*** INFORMATION PROVIDED ***
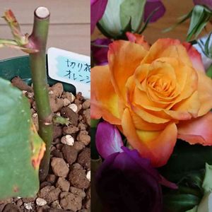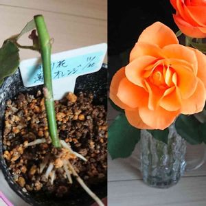 切り花品種🌹の挿し木 オレンジ(右picのバラの挿し木です) 品種不明(>︿<。) 仮命名オレンジチャンス 2018/11/30~91日目(3ヶ月1日)
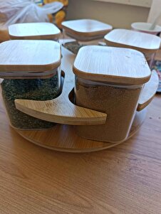 Döner Bambu Stantlı Kare Kavanoz Seti 6 Parça Döner Bambu Stantlı Kare Kavanoz Seti 6 Parça ALG-8500 تک سایز
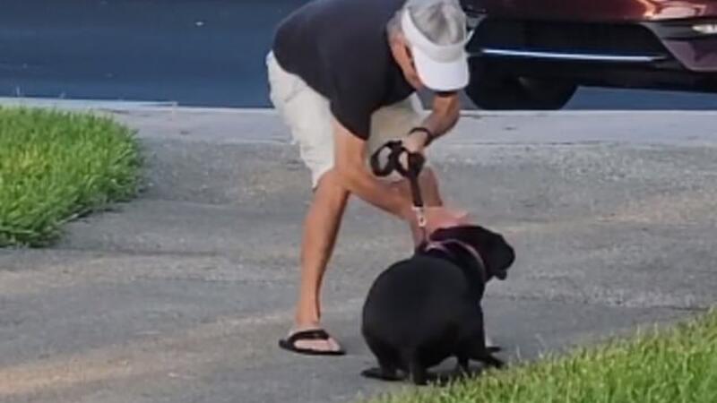She said the man had hit the dog with far more violence when he first found her, and she was shocked to catch him on camera hitting the animal a second time, walking away.
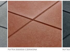 Płytka chodnikowa 500×500 STANDARD dostępna jest w trzech standardowych kolorach: szarym, czerwonym oraz grafitowym.
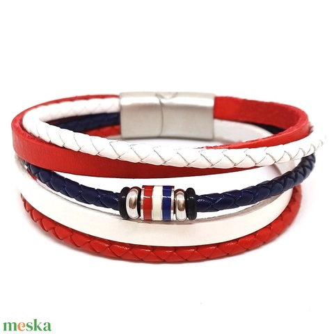 Matróz tűzzománc gyöngyös - 5 szálas valódi bőr női karkötő, nemesacél mágneskapoccsal
***
## EXERCISE OBJECTIVE
Exactly as written, restate the lines above from the opening line through the one holding "Płytka chodnikowa 500×500", omitting the pictures.

## SOLUTION TO THIS PROBLEM
 切り花品種🌹の挿し木 オレンジ(右picのバラの挿し木です) 品種不明(>︿<。) 仮命名オレンジチャンス 2018/11/30~91日目(3ヶ月1日)
 Döner Bambu Stantlı Kare Kavanoz Seti 6 Parça Döner Bambu Stantlı Kare Kavanoz Seti 6 Parça ALG-8500 تک سایز
She said the man had hit the dog with far more violence when he first found her, and she was shocked to catch him on camera hitting the animal a second time, walking away.
 Płytka chodnikowa 500×500 STANDARD dostępna jest w trzech standardowych kolorach: szarym, czerwonym oraz grafitowym.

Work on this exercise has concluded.